*PROBLEM DESCRIPTION*. Copy all lines below exactly as written. Leave pictures out.
*** Opening of DATA EXTRACTS ***
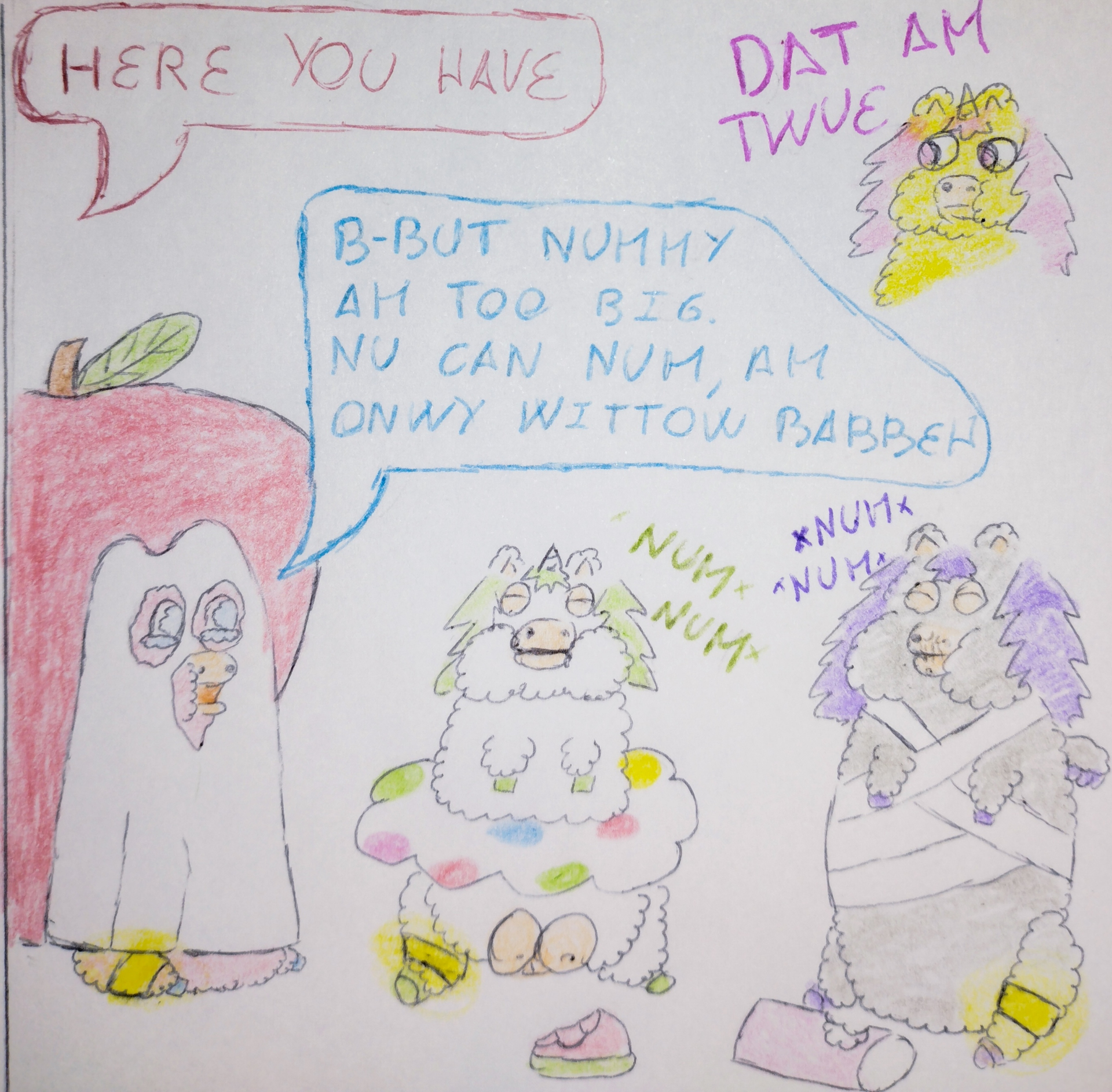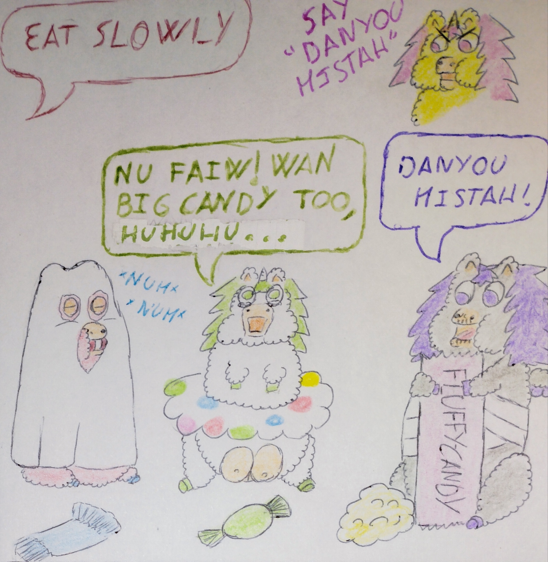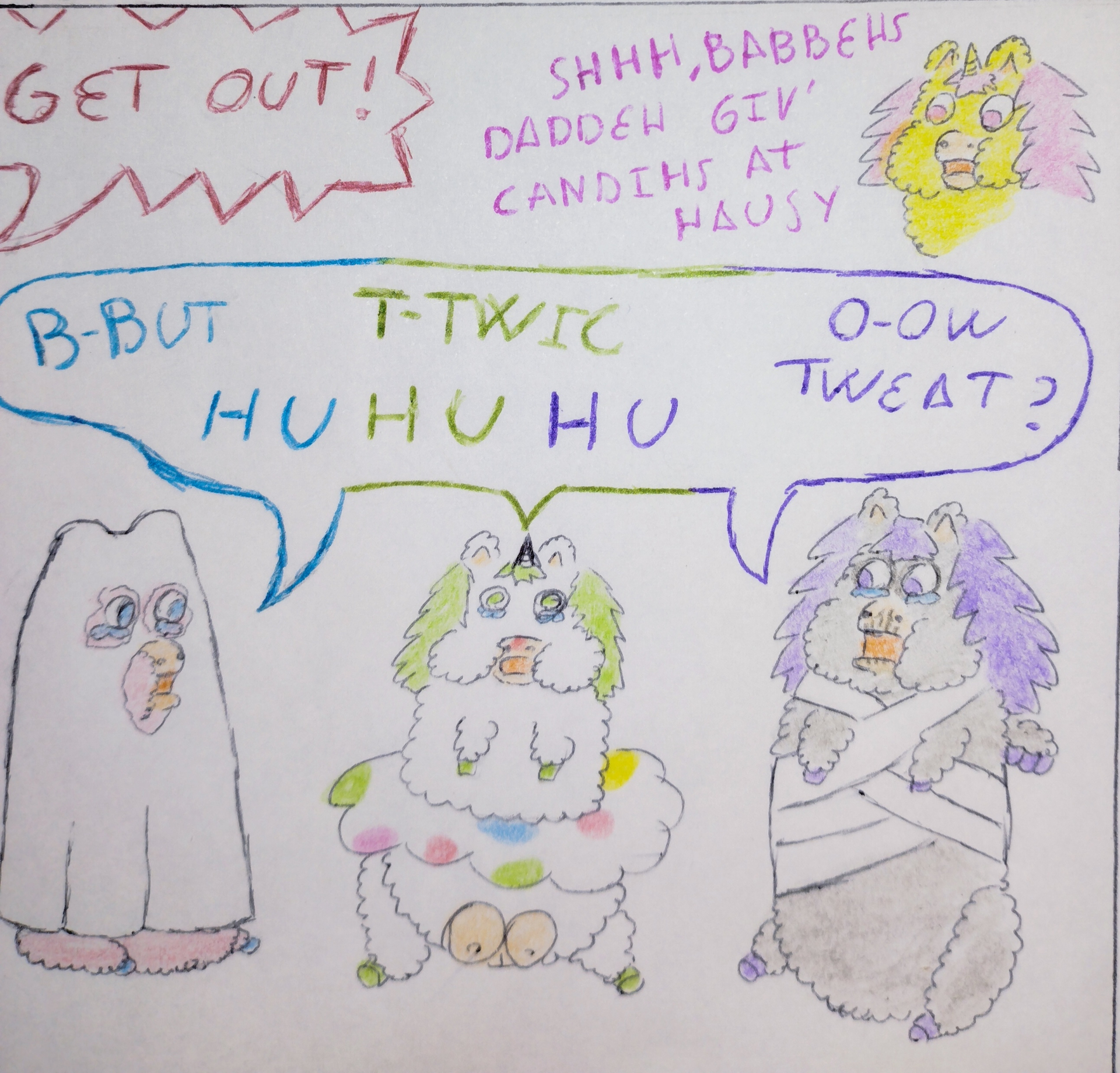 Omg love it! And all the variations too. Iād personally give the two on the left regular candy and the one on the right some kind of Carolina reaper spicy candy because I canāt stand the āAm onwy widdwe babyā line, lol.
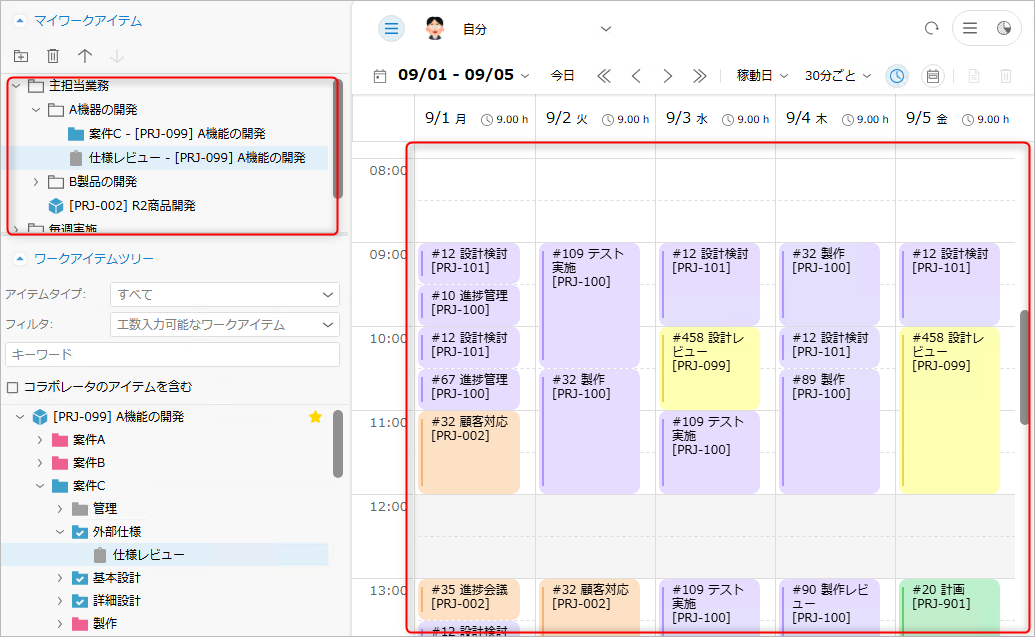 「ワークアイテムツリー」に表示されるワークアイテムが多い場合、実績工数を入力する際に対象のアイテムを探す手間が増えます。
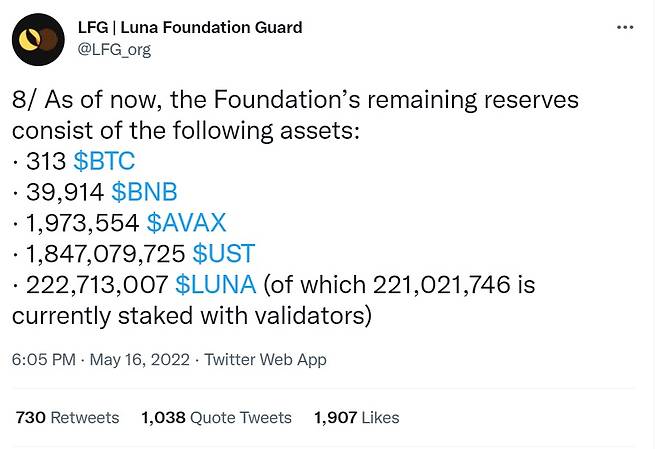 앞서 LFG는 공식 트위터를 통해 "보유 중이던 가상자산 대부분을 폭락장에서 UST 가격 방어를 위해 사용했다"고 밝혔다.
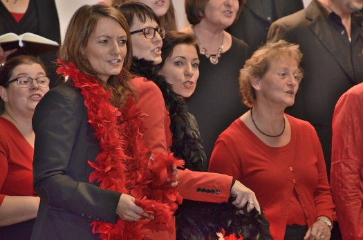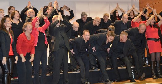 Es fehlte eigentlich nur noch eine Tanzeinlage und schon wäre das Musical fertig. Es hätte vielleicht so ähnlich wie „musikalische Weltreise“ heißen können. Denn das knapp fünfzig Köpfe zählende Vokalensemble verfügt über ein überaus umfangreiches Repertoire, angefangen beim traditionellen Lied über die Klassik bis hin zu Rock und Pop aber auch Jazzelemente einschließend. Und es hat erstaunliche schauspielerische Qualitäten.
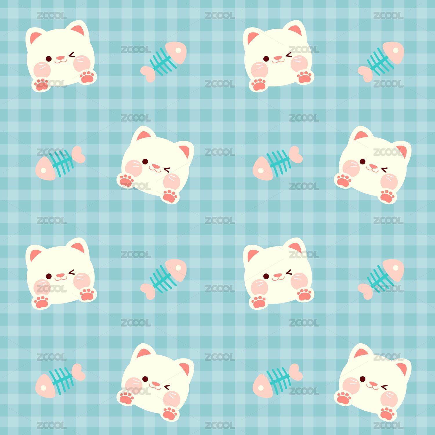 卡通猫咪图案 无缝拼接底纹
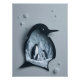 Eine auffallende minimalistische Grafik zeigt den Kopf eines Pinguins im Profil und belegt den größten Teil des Rahmens mit seiner kühnen Silhouette, die als Fenster dient, in einer detaillierten, geschichteten Papierhandszene. Durch einen doppelten Belichtungseffekt wird innerhalb der Silhouette eine zarte Pinguinfamilie - Eltern und Küken - aus gefaltetem und geschichtetem Papier, Set gegen stilisierte Schneeabdrifte und kristalline Eisformationen, die in coolen Blautönen, Grautönen und Weiß dargestellt werden, aufwändig hergestellt. Der Hintergrund außerhalb der Silhouette ist sauber, hellgrau, subtil strukturiert mit winzigen schneeflockenartigen Papierausschnitten, die eine ruhige antarktische Umgebung hervorrufen. Der Gesamtstil verbindet schlichte grafische Einfachheit mit taktiler, detaillierter Papierkunst und schafft eine harmonische Mischung aus kühner Silhouette und zarten, dimensionalen Szenen, die die knackige Gelassenheit der eisigen Wildnis wecken.
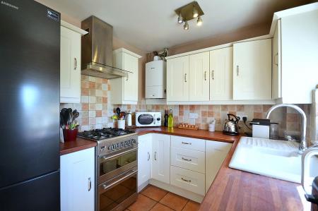 To the rear, the kitchen and dining area forms the sociable heart of the home. Stylishly fitted with a range of base units topped with complementary work surfaces, the kitchen incorporates a sink and drainer alongside a built-in gas oven, hob and extractor. There is space and plumbing for a dishwasher and washing machine, as well as room for a freestanding fridge/freezer. Tiled flooring and a rear-facing window allow for plenty of natural light, while a door opens directly onto the garden — ideal for both everyday living and entertaining.
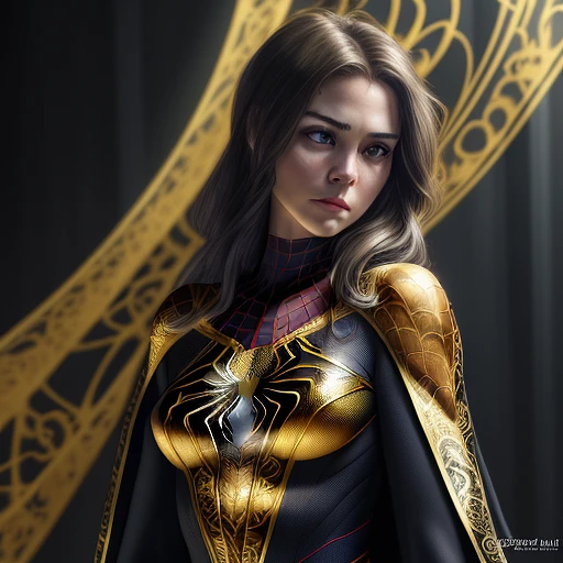 hyper realism, beautiful spiderman girl, photo realistic, detailed, art nouveau, girl like Alex Garland, wearing a golden and black robe with calligraphy on it, ultra detailed, photorealistic, highly detailed, cinematic, 32k --ar 9:16, winning studio photography, profesional color grading, soft shadow, no contrast, clea sharp focus, film photography
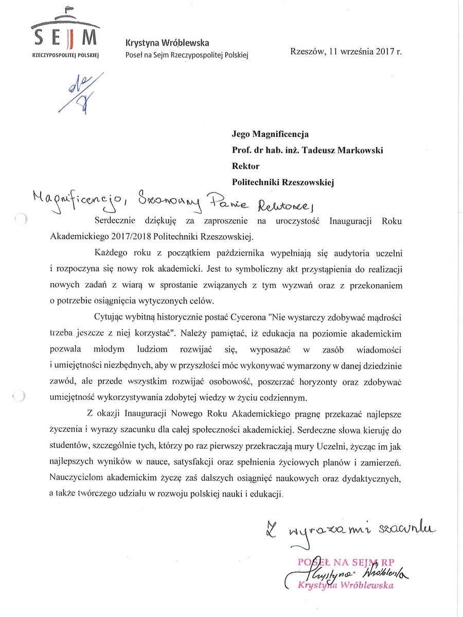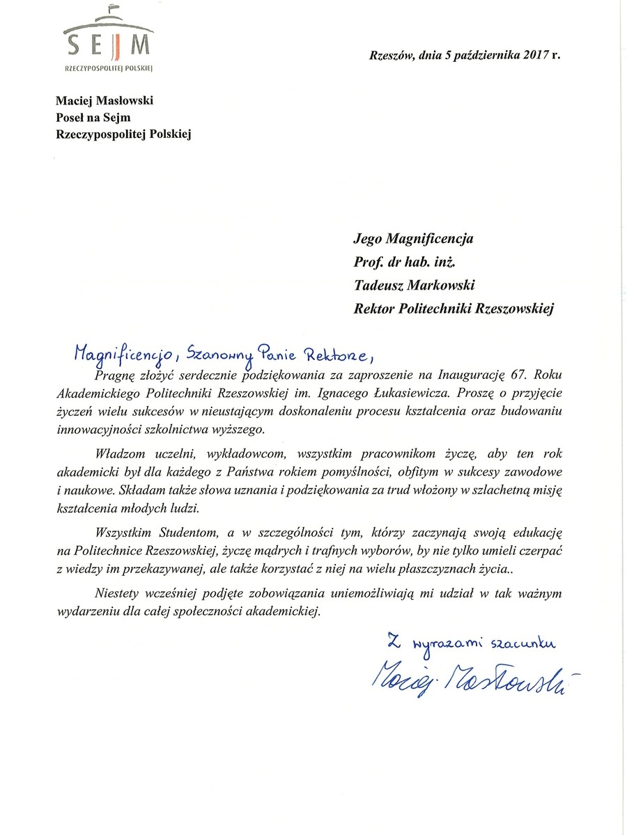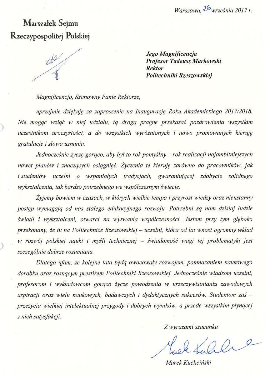 List przesłał także Marek Kuchciński, marszałek Sejmu RP. Ma on nadzieję, że kolejne lata będą owocowały rozwojem, pomnażaniem naukowego dorobku oraz rosnącym prestiżem Politechniki Rzeszowskiej. - Władzom uczelni, profesorom i wykładowcom gorąco życzę powodzenia w urzeczywistnianiu zawodowych aspiracji oraz wielu naukowych, badawczych i dydaktycznych sukcesów. Studentom zaś przeżycia wielkiej intelektualnej przygody i dobrych wyników, a przede wszystkim płynącej z nich satysfakcji - podkreślił marszałek Sejmu.
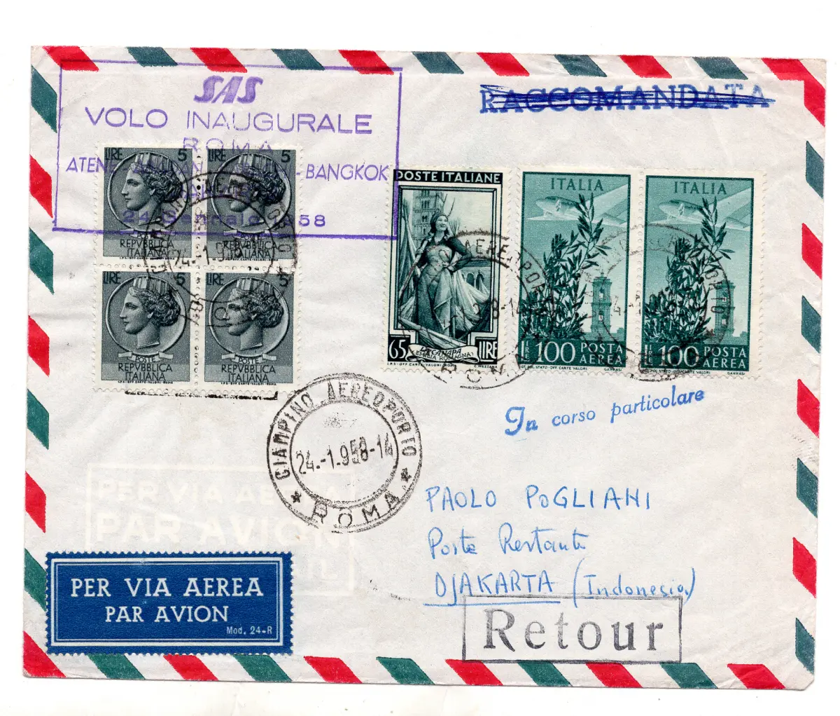 - S.A.S. Rom/Jakarta vom 24.1.58 - Aerogramm (Handelsumschlag) frankiert mit Nr. 650 + 762 x 4 + P.A. Nr. 148 x 2 - Ann. spezielle in violett Kat. n. 266AU - Nicht zitiert Nr. 578/18
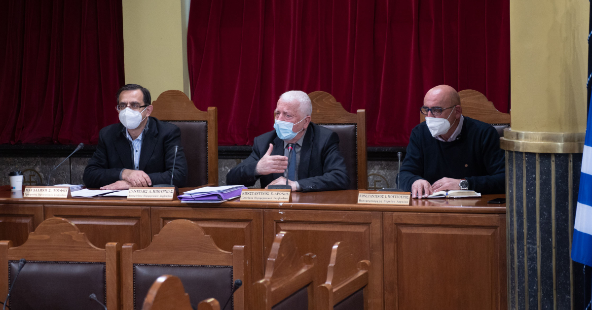 Στη συνέντευξη τύπου παρίστανται ο Εντεταλμένος Περιφερειακός Σύμβουλος σε θέματα Περιβάλλοντος κ. Ν. Καρασάββας, ο Εκτελεστικός Γραμματέας της Περιφέρειας κ. Απ. Αλατζάς, ο Προϊστάμενος της Διεύθυνσης Περιβάλλοντος & Χωρικού Σχεδιασμού κ. Γ. Λεμονός και οι Ειδικοί Σύμβουλοι κ. Μ. Πολυπαθέλλης και κ. Μ. Ταμβακέλλης.
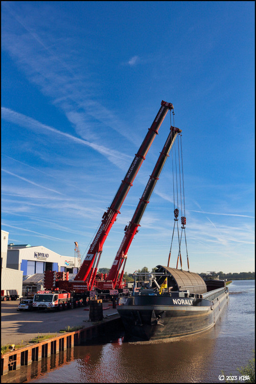 HBA 15.130 Geschrieben 23. Dezember 2023 Geschrieben 23. Dezember 2023 Tandemhub eines Stahlbauteils auf ein Binnenschiff im Papenburger Nordhafen durch die Firma Wagenborg Nedlift: 6 Zitieren
*** Close of DATA EXTRACTS ***
*OUTPUT*.
 Omg love it! And all the variations too. Iād personally give the two on the left regular candy and the one on the right some kind of Carolina reaper spicy candy because I canāt stand the āAm onwy widdwe babyā line, lol.
 「ワークアイテムツリー」に表示されるワークアイテムが多い場合、実績工数を入力する際に対象のアイテムを探す手間が増えます。
 앞서 LFG는 공식 트위터를 통해 "보유 중이던 가상자산 대부분을 폭락장에서 UST 가격 방어를 위해 사용했다"고 밝혔다.
 Es fehlte eigentlich nur noch eine Tanzeinlage und schon wäre das Musical fertig. Es hätte vielleicht so ähnlich wie „musikalische Weltreise“ heißen können. Denn das knapp fünfzig Köpfe zählende Vokalensemble verfügt über ein überaus umfangreiches Repertoire, angefangen beim traditionellen Lied über die Klassik bis hin zu Rock und Pop aber auch Jazzelemente einschließend. Und es hat erstaunliche schauspielerische Qualitäten.
 卡通猫咪图案 无缝拼接底纹
 Eine auffallende minimalistische Grafik zeigt den Kopf eines Pinguins im Profil und belegt den größten Teil des Rahmens mit seiner kühnen Silhouette, die als Fenster dient, in einer detaillierten, geschichteten Papierhandszene. Durch einen doppelten Belichtungseffekt wird innerhalb der Silhouette eine zarte Pinguinfamilie - Eltern und Küken - aus gefaltetem und geschichtetem Papier, Set gegen stilisierte Schneeabdrifte und kristalline Eisformationen, die in coolen Blautönen, Grautönen und Weiß dargestellt werden, aufwändig hergestellt. Der Hintergrund außerhalb der Silhouette ist sauber, hellgrau, subtil strukturiert mit winzigen schneeflockenartigen Papierausschnitten, die eine ruhige antarktische Umgebung hervorrufen. Der Gesamtstil verbindet schlichte grafische Einfachheit mit taktiler, detaillierter Papierkunst und schafft eine harmonische Mischung aus kühner Silhouette und zarten, dimensionalen Szenen, die die knackige Gelassenheit der eisigen Wildnis wecken.
 To the rear, the kitchen and dining area forms the sociable heart of the home. Stylishly fitted with a range of base units topped with complementary work surfaces, the kitchen incorporates a sink and drainer alongside a built-in gas oven, hob and extractor. There is space and plumbing for a dishwasher and washing machine, as well as room for a freestanding fridge/freezer. Tiled flooring and a rear-facing window allow for plenty of natural light, while a door opens directly onto the garden — ideal for both everyday living and entertaining.
 hyper realism, beautiful spiderman girl, photo realistic, detailed, art nouveau, girl like Alex Garland, wearing a golden and black robe with calligraphy on it, ultra detailed, photorealistic, highly detailed, cinematic, 32k --ar 9:16, winning studio photography, profesional color grading, soft shadow, no contrast, clea sharp focus, film photography
 List przesłał także Marek Kuchciński, marszałek Sejmu RP. Ma on nadzieję, że kolejne lata będą owocowały rozwojem, pomnażaniem naukowego dorobku oraz rosnącym prestiżem Politechniki Rzeszowskiej. - Władzom uczelni, profesorom i wykładowcom gorąco życzę powodzenia w urzeczywistnianiu zawodowych aspiracji oraz wielu naukowych, badawczych i dydaktycznych sukcesów. Studentom zaś przeżycia wielkiej intelektualnej przygody i dobrych wyników, a przede wszystkim płynącej z nich satysfakcji - podkreślił marszałek Sejmu.
 - S.A.S. Rom/Jakarta vom 24.1.58 - Aerogramm (Handelsumschlag) frankiert mit Nr. 650 + 762 x 4 + P.A. Nr. 148 x 2 - Ann. spezielle in violett Kat. n. 266AU - Nicht zitiert Nr. 578/18
 Στη συνέντευξη τύπου παρίστανται ο Εντεταλμένος Περιφερειακός Σύμβουλος σε θέματα Περιβάλλοντος κ. Ν. Καρασάββας, ο Εκτελεστικός Γραμματέας της Περιφέρειας κ. Απ. Αλατζάς, ο Προϊστάμενος της Διεύθυνσης Περιβάλλοντος & Χωρικού Σχεδιασμού κ. Γ. Λεμονός και οι Ειδικοί Σύμβουλοι κ. Μ. Πολυπαθέλλης και κ. Μ. Ταμβακέλλης.
 HBA 15.130 Geschrieben 23. Dezember 2023 Geschrieben 23. Dezember 2023 Tandemhub eines Stahlbauteils auf ein Binnenschiff im Papenburger Nordhafen durch die Firma Wagenborg Nedlift: 6 Zitieren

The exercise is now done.